[Input records]
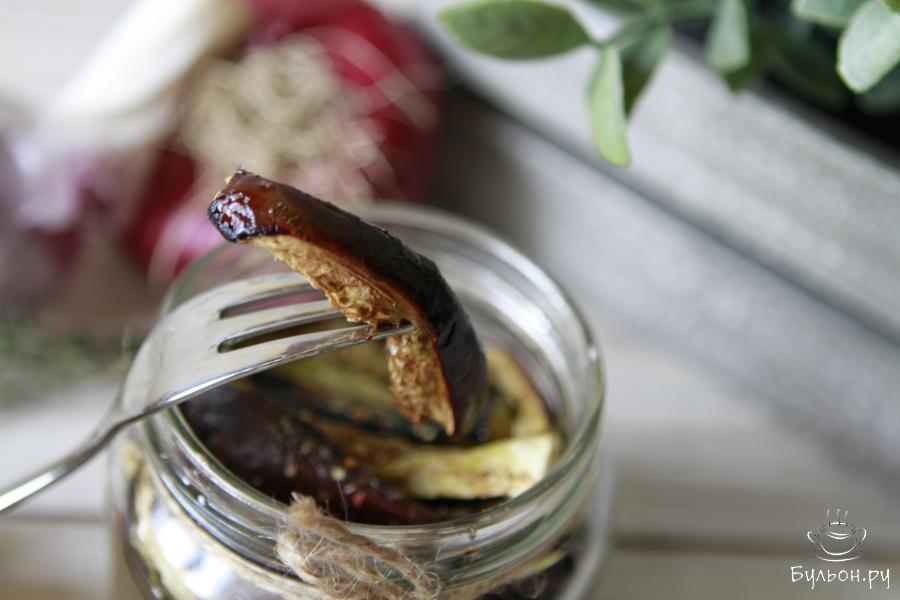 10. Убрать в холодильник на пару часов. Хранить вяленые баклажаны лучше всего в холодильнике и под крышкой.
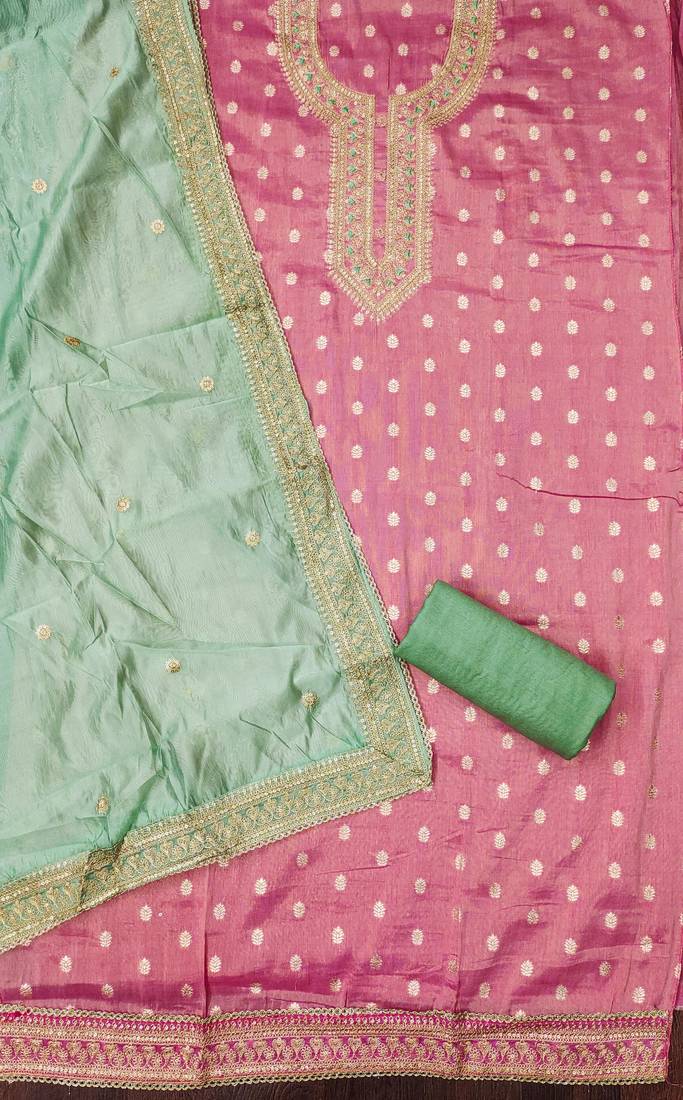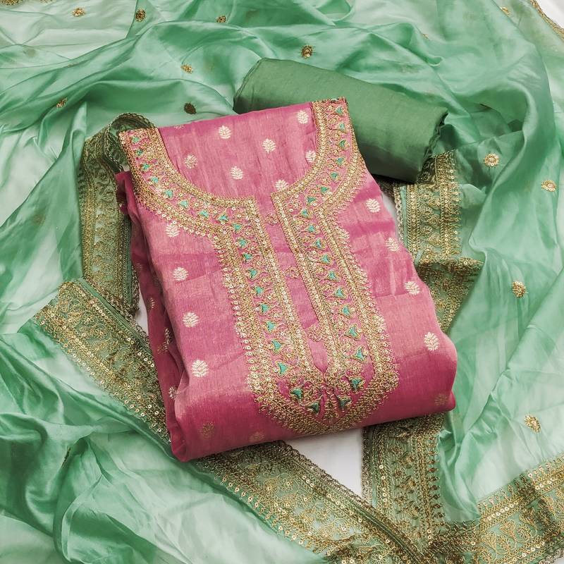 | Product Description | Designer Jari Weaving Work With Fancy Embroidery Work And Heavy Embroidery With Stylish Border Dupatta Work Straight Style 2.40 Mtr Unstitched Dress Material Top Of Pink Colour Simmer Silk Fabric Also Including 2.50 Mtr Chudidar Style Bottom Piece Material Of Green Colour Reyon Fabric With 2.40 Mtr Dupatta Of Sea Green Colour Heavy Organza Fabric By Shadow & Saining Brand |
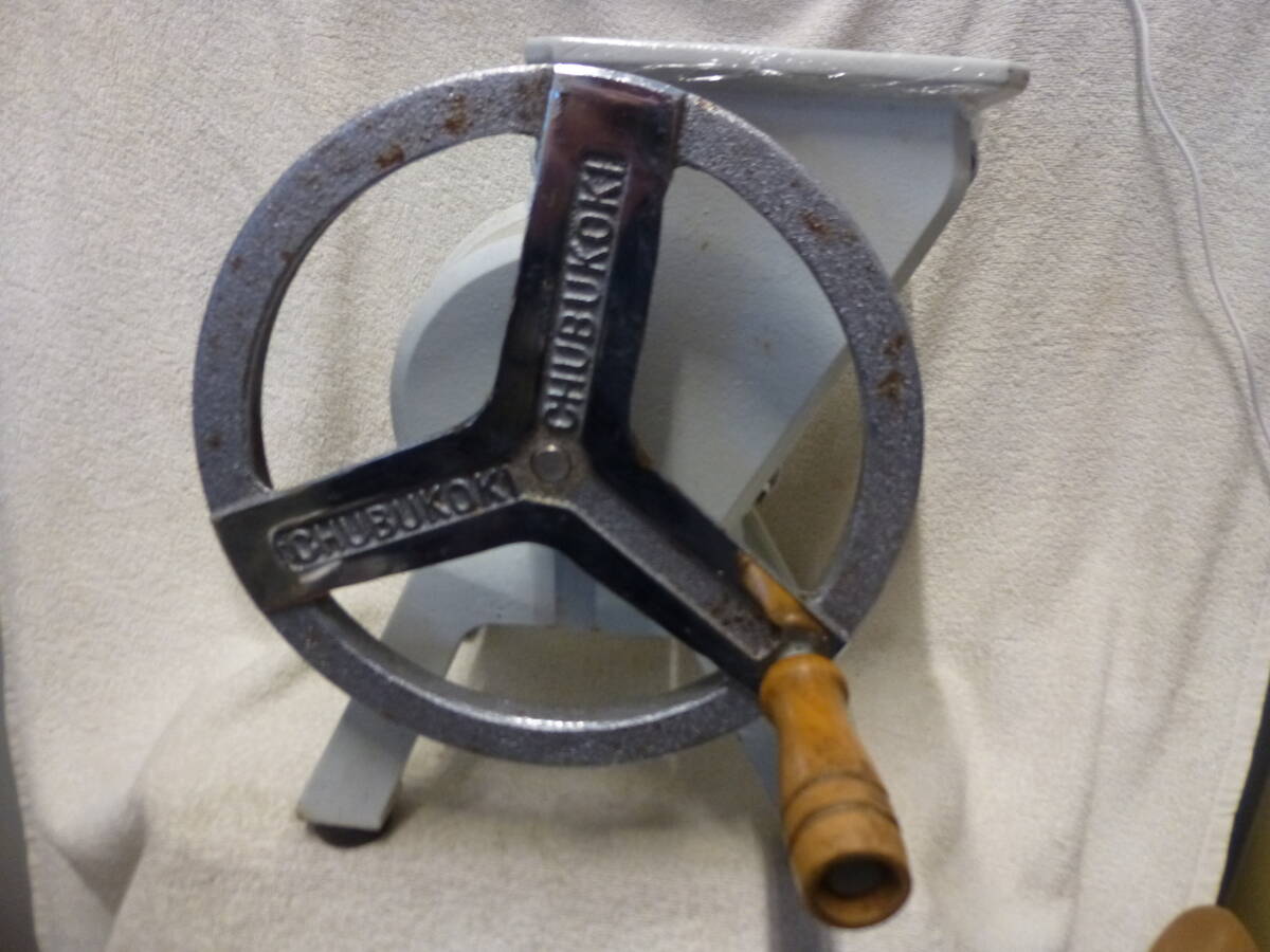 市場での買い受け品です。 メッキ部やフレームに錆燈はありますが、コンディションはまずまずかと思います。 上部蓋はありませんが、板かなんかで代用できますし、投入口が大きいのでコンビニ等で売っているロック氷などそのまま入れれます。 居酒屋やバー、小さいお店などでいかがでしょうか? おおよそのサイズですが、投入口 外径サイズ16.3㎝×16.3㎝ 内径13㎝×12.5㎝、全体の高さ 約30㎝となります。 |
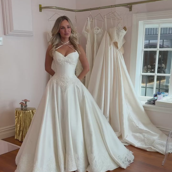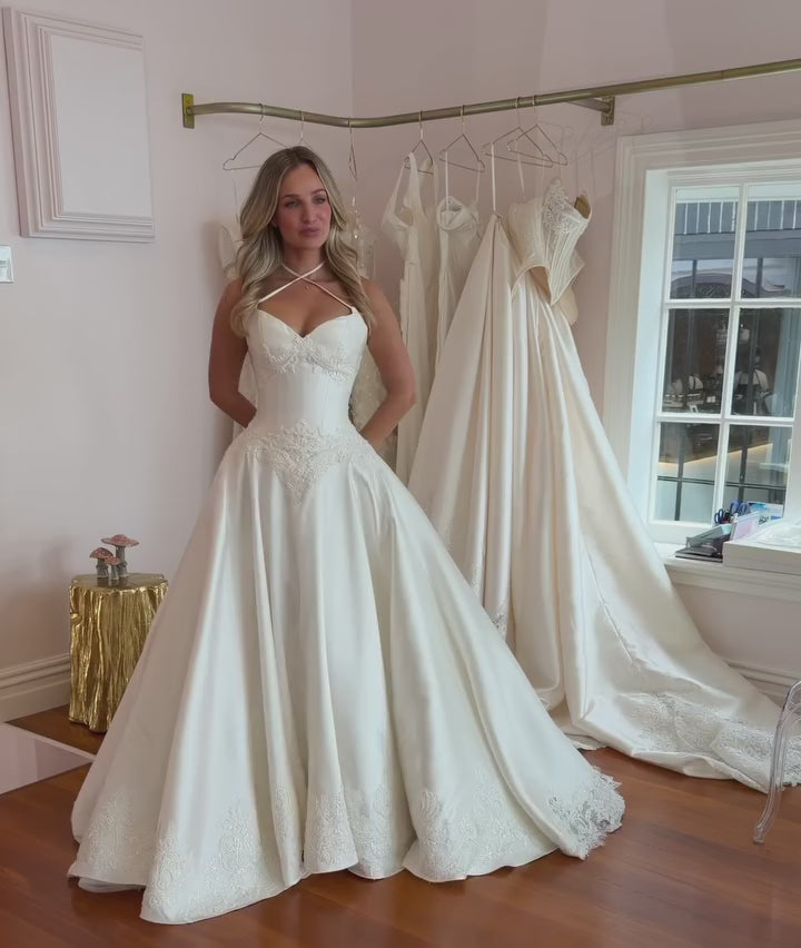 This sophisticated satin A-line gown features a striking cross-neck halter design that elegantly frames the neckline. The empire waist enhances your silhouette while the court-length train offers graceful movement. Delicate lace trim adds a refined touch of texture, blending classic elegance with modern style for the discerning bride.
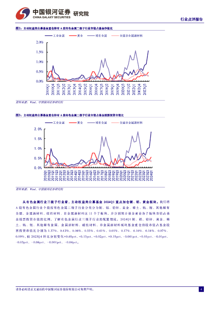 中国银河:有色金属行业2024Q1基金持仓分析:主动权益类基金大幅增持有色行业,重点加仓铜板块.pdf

--

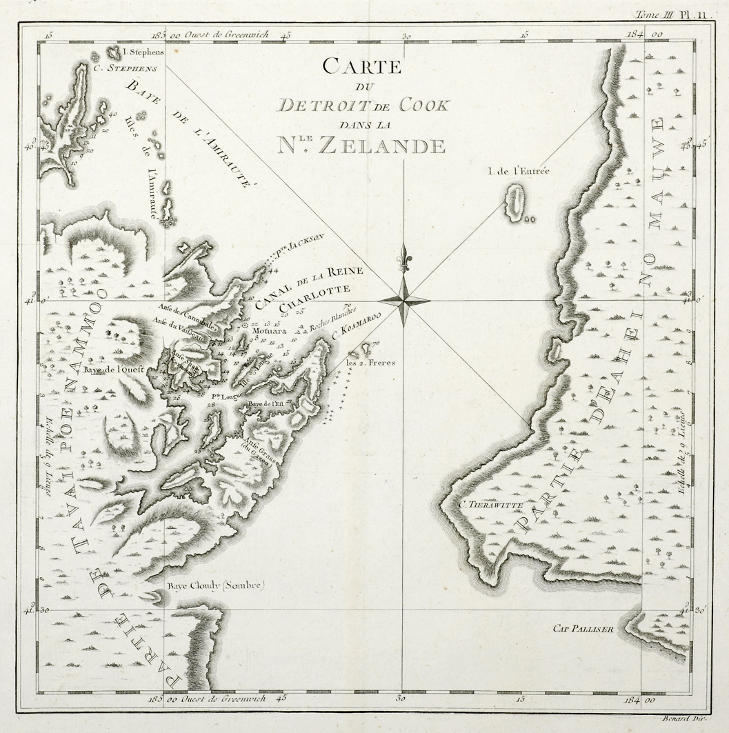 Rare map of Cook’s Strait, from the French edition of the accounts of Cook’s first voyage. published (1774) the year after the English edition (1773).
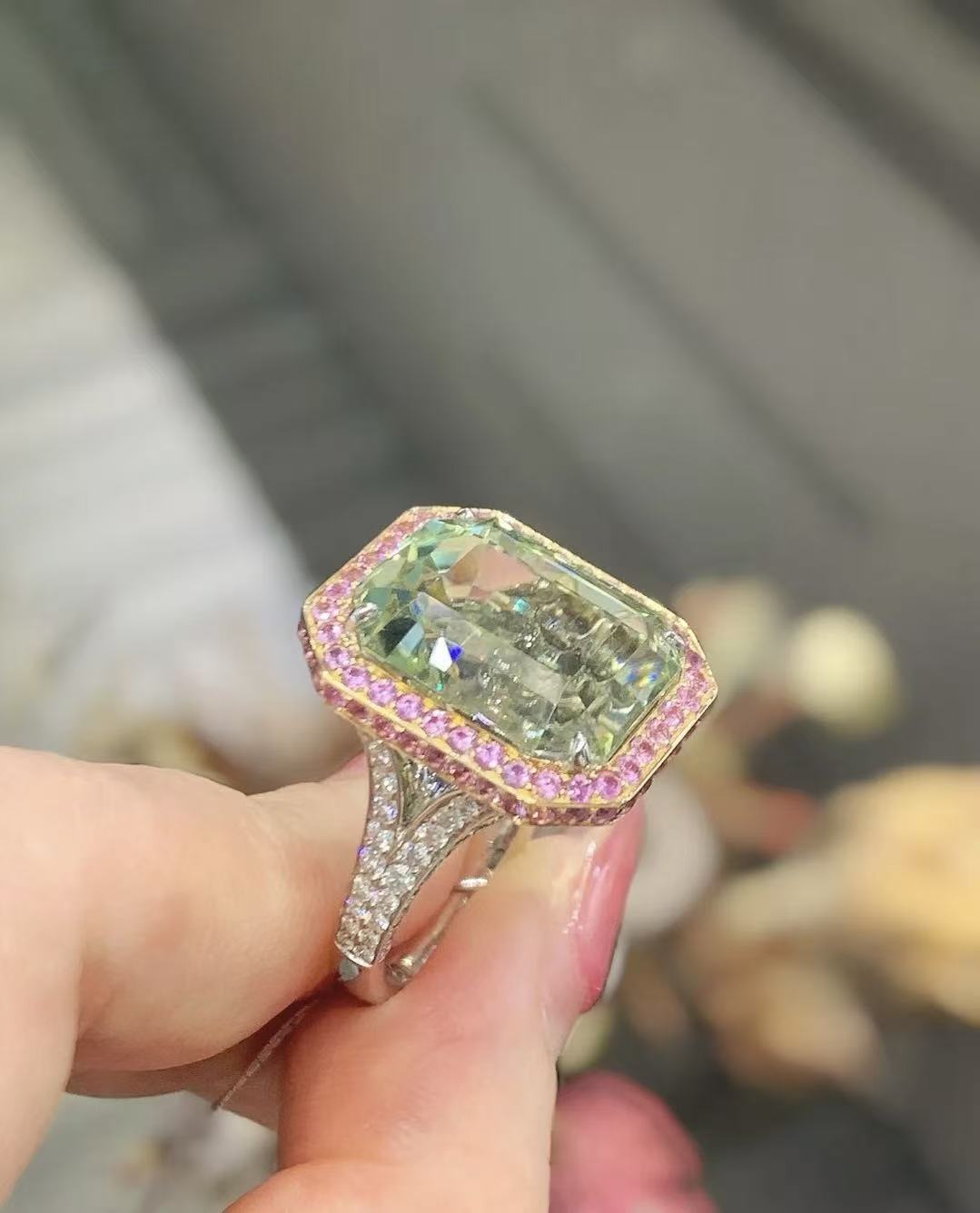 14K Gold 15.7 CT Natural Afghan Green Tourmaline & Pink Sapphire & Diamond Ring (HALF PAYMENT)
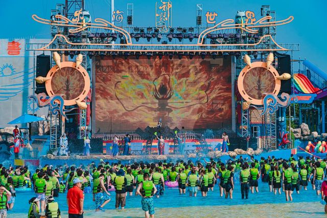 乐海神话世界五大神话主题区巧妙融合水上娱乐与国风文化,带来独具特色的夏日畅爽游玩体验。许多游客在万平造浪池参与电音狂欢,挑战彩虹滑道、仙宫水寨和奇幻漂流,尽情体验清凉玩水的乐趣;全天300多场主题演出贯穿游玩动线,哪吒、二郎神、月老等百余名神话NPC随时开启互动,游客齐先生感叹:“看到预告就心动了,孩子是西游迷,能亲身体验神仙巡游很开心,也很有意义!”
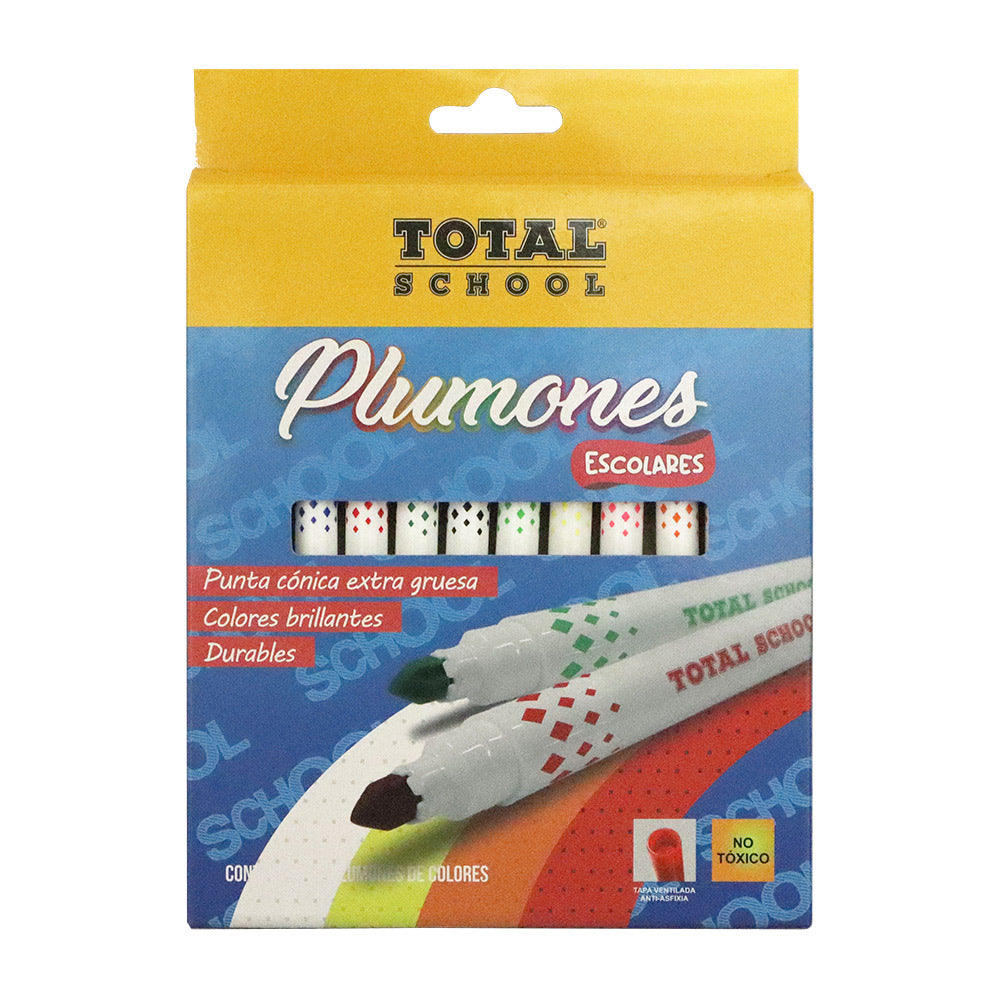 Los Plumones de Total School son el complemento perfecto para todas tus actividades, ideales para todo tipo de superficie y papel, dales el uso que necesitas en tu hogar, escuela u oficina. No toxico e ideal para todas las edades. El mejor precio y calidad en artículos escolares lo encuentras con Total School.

[Work to complete]
Please return the data above exactly as it stands from the line with "14K Gold 15.7" to the line with "Los Plumones de", keeping both of those lines but none of the pictures.

[Your solution]
 14K Gold 15.7 CT Natural Afghan Green Tourmaline & Pink Sapphire & Diamond Ring (HALF PAYMENT)
 乐海神话世界五大神话主题区巧妙融合水上娱乐与国风文化,带来独具特色的夏日畅爽游玩体验。许多游客在万平造浪池参与电音狂欢,挑战彩虹滑道、仙宫水寨和奇幻漂流,尽情体验清凉玩水的乐趣;全天300多场主题演出贯穿游玩动线,哪吒、二郎神、月老等百余名神话NPC随时开启互动,游客齐先生感叹:“看到预告就心动了,孩子是西游迷,能亲身体验神仙巡游很开心,也很有意义!”
 Los Plumones de Total School son el complemento perfecto para todas tus actividades, ideales para todo tipo de superficie y papel, dales el uso que necesitas en tu hogar, escuela u oficina. No toxico e ideal para todas las edades. El mejor precio y calidad en artículos escolares lo encuentras con Total School.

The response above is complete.